(Beginning of DATA BELOW)
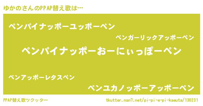 | ピコ太郎風あだ名 | 『ユユ太郎』『ピコユ郎』『ユカ史郎』 |
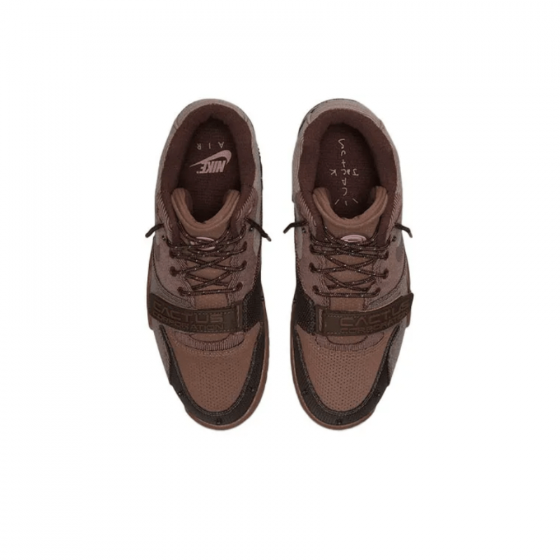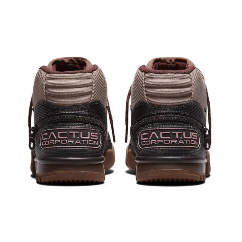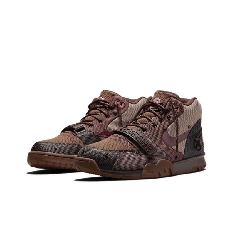 Travis Scott x Nike Air Trainer 1 SP «Chocolate / Wheat / Ashen Slate» – DR7515-200 дебютує у реперському стилі Cactus Jack щодо культових кросівок для крос-тренувань 1987 року. Верх із текстилю та нубуку різних відтінків коричневого, коричневого та лілового закріплений шнурками. На додаток до фірмової реверсної галочки Скотта на медіальній стороні, черевики підкреслені брендом Cactus Corporation на ремені в середній частині стопи та прогумованій накладці на п’яту, а також невеликій кишені на блискавці, яка може вмістити дрібні речі першої необхідності. Знімний кожух ripstop можна закріпити на верху та сховати в кишеню для язика, коли він не використовується.
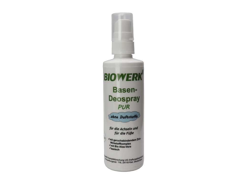 Der pH-Wert des Biowerk® Basen-Deosprays ist basisch. Die Base kann den sauren Schweiß neutralisieren. Die Vermehrung der Schweißgeruch produzierenden Bakterien kann durch das von dem Basen-Deospray erzeugte basische Milieu verringert werden.
(End of DATA BELOW)
WHAT YOU NEED TO DO
Output the full listing above exactly, excluding all pictures.

RESULT
 | ピコ太郎風あだ名 | 『ユユ太郎』『ピコユ郎』『ユカ史郎』 |
 Travis Scott x Nike Air Trainer 1 SP «Chocolate / Wheat / Ashen Slate» – DR7515-200 дебютує у реперському стилі Cactus Jack щодо культових кросівок для крос-тренувань 1987 року. Верх із текстилю та нубуку різних відтінків коричневого, коричневого та лілового закріплений шнурками. На додаток до фірмової реверсної галочки Скотта на медіальній стороні, черевики підкреслені брендом Cactus Corporation на ремені в середній частині стопи та прогумованій накладці на п’яту, а також невеликій кишені на блискавці, яка може вмістити дрібні речі першої необхідності. Знімний кожух ripstop можна закріпити на верху та сховати в кишеню для язика, коли він не використовується.
 Der pH-Wert des Biowerk® Basen-Deosprays ist basisch. Die Base kann den sauren Schweiß neutralisieren. Die Vermehrung der Schweißgeruch produzierenden Bakterien kann durch das von dem Basen-Deospray erzeugte basische Milieu verringert werden.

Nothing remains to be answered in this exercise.